It had only been a decade or so since Rosie Page won righteous relief. Within that span, what had begun as a story of bringing relief to her pain-laden life had blossomed into a sweeping cultural and political program of reform, professional growth, and social reinvention. When John Bonica came back from China in 1973, he returned to a liberal society prized for its openness and commitment to compassionate relief. Judge Learned Hand's dictum that all pain was not true pain was a thing of the past—a theory of pain and hardship that befit another, less forgiving time. But Hand's skepticism had not been forgotten entirely. Even in the era bringing Page, gate control theory, DMSO, Medicare, and acupuncture to the forefront of American politics, warnings about coddling, increasing dependence, the “pathological malinger,” and welfare
simmered—particularly among the more conservative members in the medical profession.
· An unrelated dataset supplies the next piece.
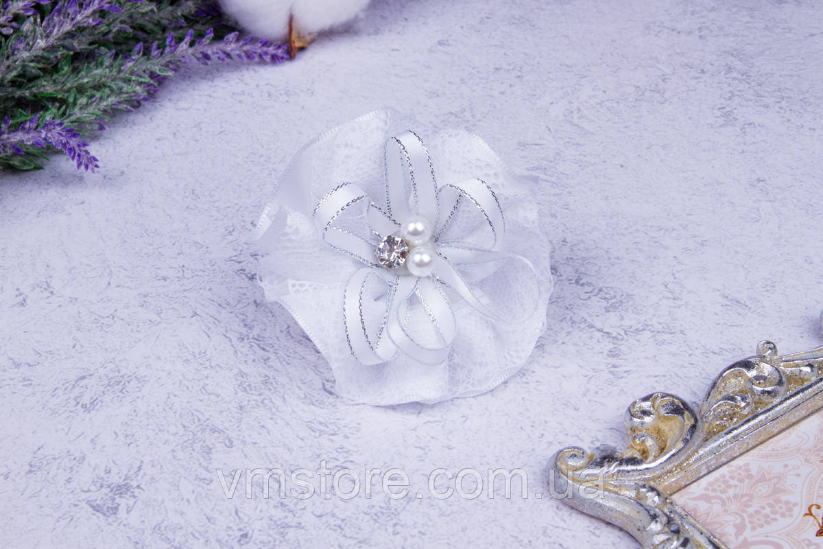 Гарний ніжний бант атлас з мереживом прикрашений стразами та перлами, на гумці

Resentment about the era's swelling disability rolls festered. Frustration grew about the compassion-oriented therapeutic society charged with managing pain relief. By the early 1970s, the pain specialists themselves were vocalizing their concerns about hypnotism, methadone, LSD, disability, acupuncture, and other forms of “legitimate” pain relief. For critics, this excessiveness had acquired a name—that name was “liberalism.” In this context, the old fear articulated by AMA doctors in the 1950s about the undeserving pain complainant as a fraud resurfaced and took center stage.
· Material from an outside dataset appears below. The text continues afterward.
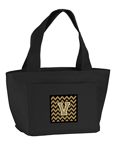 Caroline's Treasures CJ1050-VBK-8808 Letter V Chevron Black and Gold Insulated Lunch Bag, Large, Multicolor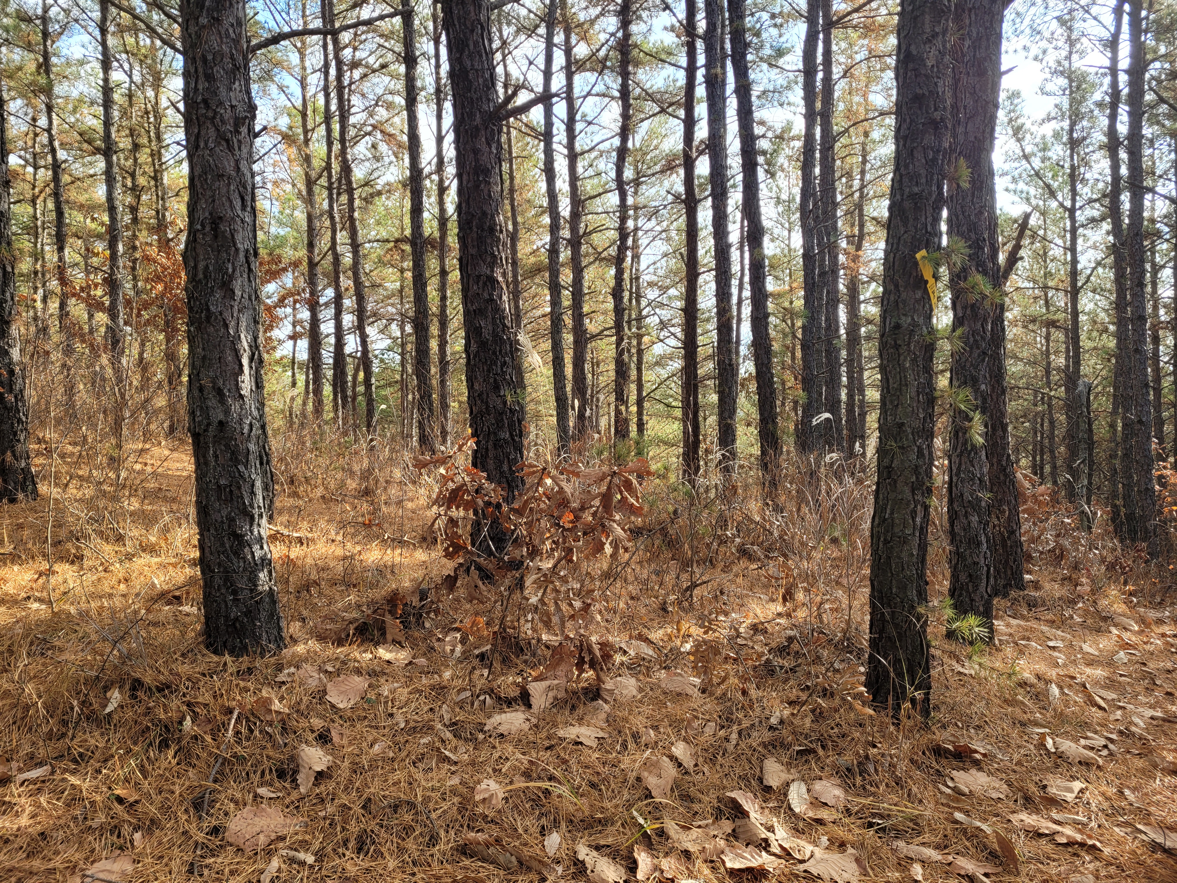 솔잎이 많이 떨어져 있습니다. 솔잎을 밟는 느낌과 소리는 일반 활엽수 낙엽을 밟는 느낌과 많이 다릅니다.

Ironically, while in China Bonica rightly interpreted the ideologically charged character of pain and relief; it was obviously a product of that nation's political turmoil. In his field notes, he described how in the early 1960s the use of acupuncture was “abandoned in some (many?) hospitals. From the guarded comments made by several prominent anesthesiologists, I conclude that this disuse was the result of failures in a significant percent of patients, probably due to improper technique.” The 1960s in China, he noted, was a time of skepticism about the technique. But during the Cultural Revolution this “‘negative' trend of disusing of acupuncture was considered the work of revisionists and subsequently greater emphasis was given to the development and widespread use.” Acupuncture was part of Mao's program of reinvention, with purges and propaganda intended to instill faith in a particularly Chinese form of Communism and national virtue. Returning from this front, Bonica noted, “I gained the definite impression that many anesthesiologists are not so impressed by acupuncture but still extol its virtues and exaggerate the number of cases done … because this is in compliance with Chairman Mao's teachings and admonitions.”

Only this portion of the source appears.